Fidelity Investments
For maximum flexibility, you can open a Fidelity Account for Businesses and invest in anything from a money market fund to bond mutual funds to individual stocks. (Online stock commissions range from $8 to $19.95.) You’ll need $2,500 to open, but there are no minimum balance requirements or annual account fees. Currently, money market yields in general are very low. The Fidelity Cash Reserves fund currently has a yield of 0.28%. But if you were so inclined, you could invest in Treasuries, municipal bonds, inflation-protected bonds, or even dividend stocks.


  1. GE Interest Plus for Business is currently 1.87% APY. While not FDIC insured, it is AA+ rated. I used to use Vanguard Prime MM, but the rates are pathetic these days.

  2. I like how 1.15% is considered a high-yield savings account.

  3. Alliant Credit Union is offering 2% APY for Savings. Not everyone can apply for an account there but if you can I feel it’s best in the market with least restrictions.
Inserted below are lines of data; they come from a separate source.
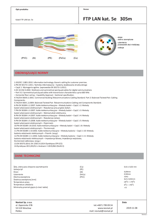 Przewód; do transmisji danych; UTP; 8x0,25mm2; drut; Cu; 4x2 żyły 0,50mm; czarny; PE +żel; zewnętrzny; okrągły; skrętka kat.5e; 50V; 6mm; szpula 305m; RoHS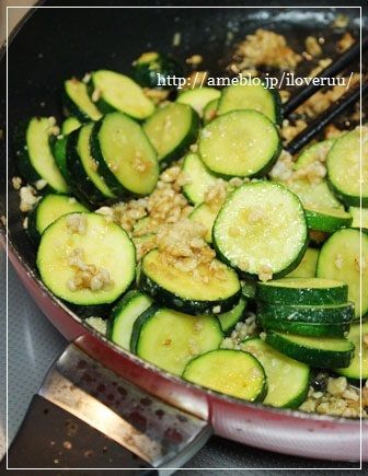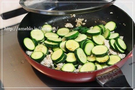 ズッキーニを入れ、蓋をして蒸し炒めにする。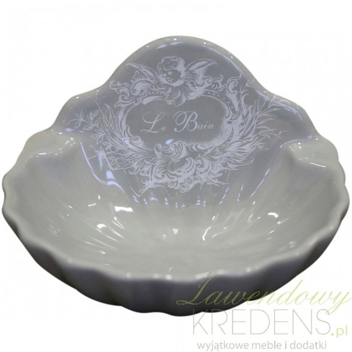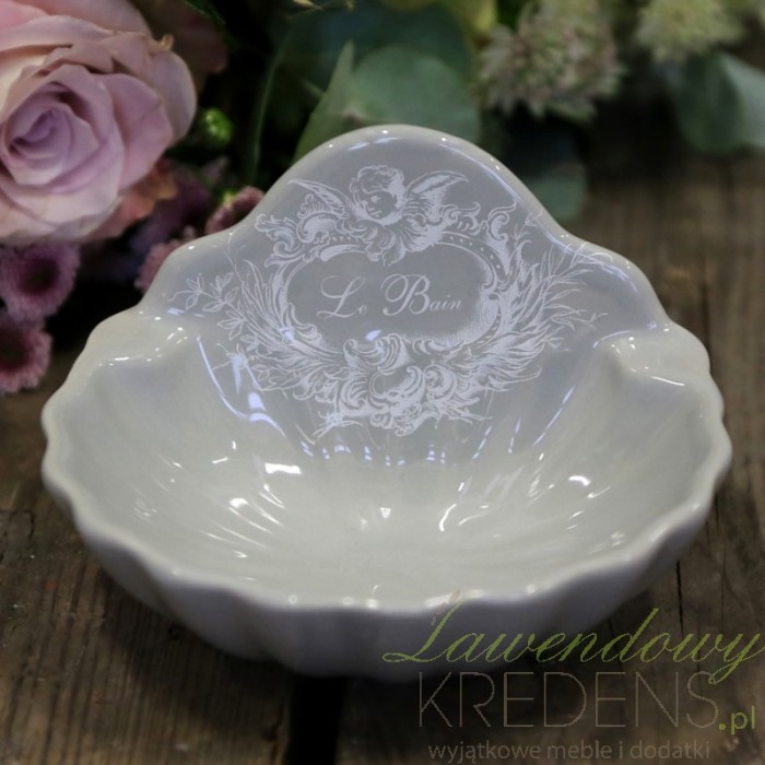 Szara mydelniczka z francuskiej kolekcji Le Bain od marki Chic Antique, przypomina ona kształtem piękną morską muszlę. Dodatki do łazienki z tej cermicznej serii posiadają także ozdobny biały napis.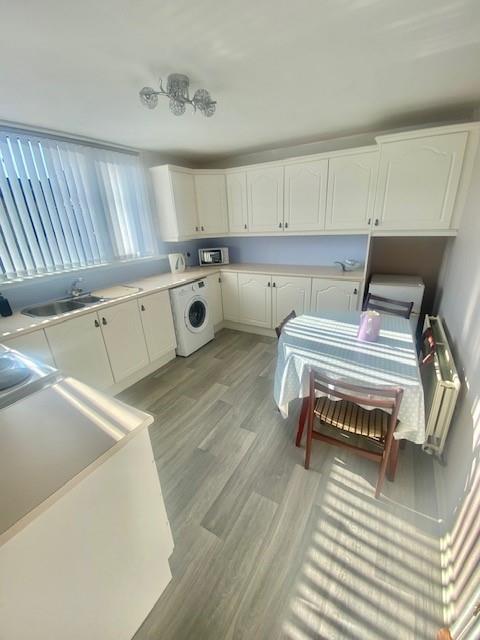 Bright good sized area with modern high and low level units, with 11/2 stainless steel sink and drainer, wired for electric cooker with extractor above, plumbed for washing machine and space for fridge freezer. Part tiled wall and linoleum flooring.

  4. I used ING awhile back and thought it was fantastic. As said, it was simple and straight-forward. At the time I think the APY was 4 percent or in that neighborhood. Times have changed.

  5. Same, I like how 1.15% is considered a high-yield savings account.

  6. I don’t really see why it’s important when my regular bank can handle all of these things and I have a great working relationship with them already. Are you mentioning these primarily for those who don’t already have good banking arrangements with necessary online tools?